One year after Hurricane Harvey made landfall in Texas as the first in a series of major disasters, we continue to hear stories about families affected by storms and wildfires that are still living in substandard or temporary housing. In some cases, these people did not have the bandwidth or ability to apply for assistance. But many applied for aid and were denied or are still waiting for assistance.
Improving data collection and data linking between agencies can help ensure recovery aid is equitably distributed to all disaster victims.
Click here to view a larger version of the graphic above
Waiting for assistance after a disaster
Many disaster-affected households rely on private insurance, which leads to other challenges. Many others slip through cracks between private insurance and public assistance and remain in need.
The Federal Emergency Management Agency (FEMA) and the Small Business Administration (SBA) reject far more applications for aid than they accept.
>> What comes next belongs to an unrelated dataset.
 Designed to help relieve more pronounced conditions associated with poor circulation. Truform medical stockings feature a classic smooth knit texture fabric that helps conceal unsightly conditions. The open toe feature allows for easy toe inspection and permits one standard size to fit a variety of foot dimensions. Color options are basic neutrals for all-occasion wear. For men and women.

Last year, FEMA accepted just over one-third (34.4 percent) of applications for individual assistance in Texas, Florida, Puerto Rico, and California following Hurricanes Harvey, Irma, and Maria and the Northern California wildfires.
The SBA disaster home loan program, designed to support homeowners whose homes suffer physical damage, draws far fewer applications than FEMA Individual Assistance (IA). But the program still only approved 36 percent of applications in the states and territories affected by major disasters last year.
Keeping track of programs
Part of what we know about who gets assistance comes from how federal agencies track their programs. Federal aid application and review data evolve into administrative data used by states to develop action plans for the Department of Housing and Urban Development’s (HUD) Disaster Recovery Grant Reporting (DRGR) program. FEMA’s National Emergency Management Information System and DRGR, along with HUD grantees’ internal reporting systems, help agencies monitor grant expenditures, meet performance targets, and track financial accounts.
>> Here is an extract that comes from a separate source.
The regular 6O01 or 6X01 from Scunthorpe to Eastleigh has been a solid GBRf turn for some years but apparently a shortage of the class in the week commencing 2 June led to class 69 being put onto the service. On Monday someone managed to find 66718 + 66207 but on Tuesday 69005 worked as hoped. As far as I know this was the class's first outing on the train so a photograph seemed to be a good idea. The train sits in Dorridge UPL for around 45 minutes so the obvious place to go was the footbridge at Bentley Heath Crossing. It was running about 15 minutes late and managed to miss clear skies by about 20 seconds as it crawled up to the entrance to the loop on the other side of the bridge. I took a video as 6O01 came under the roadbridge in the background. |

These data are used for up to five years after a disaster. Aid agencies are hindered by inconsistent rules and regulations and, too frequently, an inability to link administrative data systems across federal and local agencies and private insurers. Because they exist relatively independent of each other except when engaged in formal data sharing, they can’t produce much beyond synthesis reports to Congress and the public.
Without these data, agencies and communities can’t analyze the original damage assessments and unmet need estimates, and they can’t determine whether the aid they supply ultimately satisfies the original demand.
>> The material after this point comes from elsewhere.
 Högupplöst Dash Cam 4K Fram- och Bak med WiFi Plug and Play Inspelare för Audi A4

What’s at risk with incomplete data
These data limitations prevent federal and local agencies from providing integrated case management for disaster-affected households and expediting aid delivery for those with the greatest need. As a result, applicants are forced to continuously apply and document their requests while managing their own relocation and home repair.
And although they are necessary for the financial monitoring of grant operations, administrative datasets and tools created by FEMA, HUD, and the SBA are not useful for collecting data that should be analyzed for compliance with other federal laws and requirements, such as the Fair Housing Act.
For example, FEMA does not collect any demographic information from applicants or recipients on the protected classes of race, ethnicity, nationality, age, or gender. Data on income and household composition are used only to establish aid levels.
Without these data, aggregate information that predates the disaster (often taken from as far back as the last decennial Census) is used to determine how and where aid should be allocated—but not whether that aid was provided in nondiscriminatory or equitable ways.
Filling the data gaps to ensure equitable recovery
Several steps can be taken to improve the disaster safety net’s data to help expedite aid and ensure it is delivered fairly:
- Improve data collection and establish interconnected data systems. FEMA has made improving grants management and data analytics a central component of its 2018-2022 Strategic Plan, and HUD is planning to do the same. But much work remains to be done to establish a comprehensive disaster data management system in the federal government.
- Draw from other social services assistance programs to establish best practices for case management and management information systems. These systems should be user friendly for disaster victims but also provide detailed information so that programs can track and document any assistance.
- Require that every program, including civil-sector charities and private-sector insurers, collect additional demographic data as early as possible and throughout the recovery process. We know little about whether short- and medium-term recovery efforts are equitable, especially among different racial and ethnic groups.
Supplementing data internally within aid programs and providing them in aggregate to communities can help address disparate treatment that has plagued disaster aid since Hurricane Katrina and has persisted in the aftermath of the 2017 disasters. One year after Harvey hit, we still haven’t learned how to make sure that everyone recovers equitably.